Lo and behold, I was sitting there at around 8pm on Saturday night, looking at my ticket and the RTE Aertel page that displays the numbers. My heart took a small leap when my brain registered the rough outline of a total match. Seriously, for a brief few seconds I was genuinely stunned when all I could see were my numbers on screen. The aertel page was flitting, annoyingly, between the real Lotto numbers and the Lotto Plus One and Lotto Plus Two extra numbers. At first, I didn’t register which one it was, and also mistakenly thought I might have matched all six numbers! Imagine my surprise and excitement (if only for a brief five seconds or so). Thoughts of Cancun beaches and pina colados flitted through my enervated consciousness.

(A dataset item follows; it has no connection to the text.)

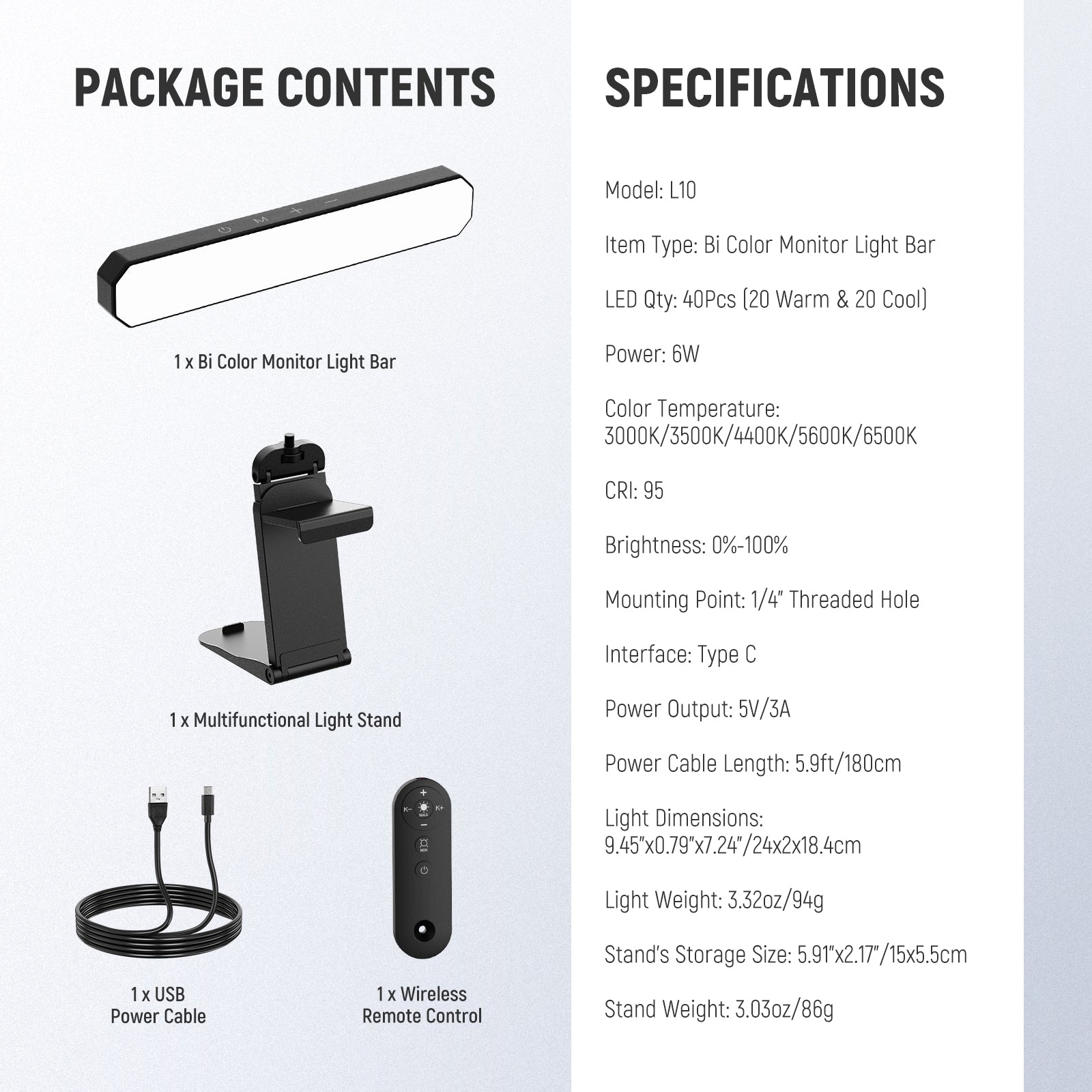 - 1 x Bi Color Monitor Light Bar

Until that is, I realised the numbers had changed on-screen. They were now displaying the numbers for the main jackpot lotto, which were different, so I had to calm down. I quickly realised I must have been looking at the Lotto Plus Two numbers, but still wasn’t sure how many I had matched, thinking it still might be six. I thought that might be 100,000 or more. Not 16 million, but nothing to be sniffed at. I waited patiently for the numbers to come back around, and then rechecked the numbers. Aaargh! I had matched only 5 of them. Drat! And the prize…a measly E250! I had managed to match five numbers and the prize was a lousy 250 euros. The month in the Carribean was suddenly replaced by one night in Bray…in a tent. In the rain.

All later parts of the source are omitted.